Fischer, A., Makowski, P., Müller, J. O., Antonietti, M., Thomas, A., & Goettmann, F. (2008). High-surface-area TiO₂ and TiN as catalysts for the C-C coupling of alcohols and ketones. ChemSusChem: chemistry & sustainability, energy & materials, 1(5), 444-449. Retrieved from http://dx.doi.org/10.1002/cssc.200800019.

Cite as: https://hdl.handle.net/11858/00-001M-0000-0010-FF0F-C

Abstract

To design more sustainable processes for the alkylation of ketones, the use of both atom-ineffective leaving groups such as halides and boron as well as noble-metal-based catalysts should be avoided. For that purpose, high-surface-area titanium nitride was prepared from high-surface-area titanium dioxide using cyanamide as a transcription agent. The resulting nitride as well as the initial oxide proved to be effective and versatile catalysts for the alkylation of ketones with alcohols.
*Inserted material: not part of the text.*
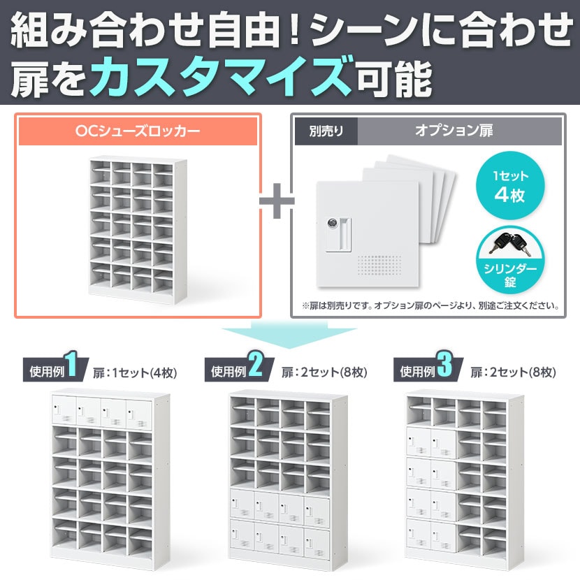 収納物が見やすく出し入れも簡単なオープン仕様。用途に合わせ、カギ付きの扉を簡単に追加できます。

Interestingly, the TiN catalyst yields unsaturated compounds, while the oxide-based catalyst mainly yields saturated coupling products. As a result of its metallic properties, TiN shows a strong tendency to catalyse the dehydrogenation of alcohols, which then undergo aldol condensation with ketones. In contrast, TiO2 promotes the direct nucleophilic attack of ketones on alcohols.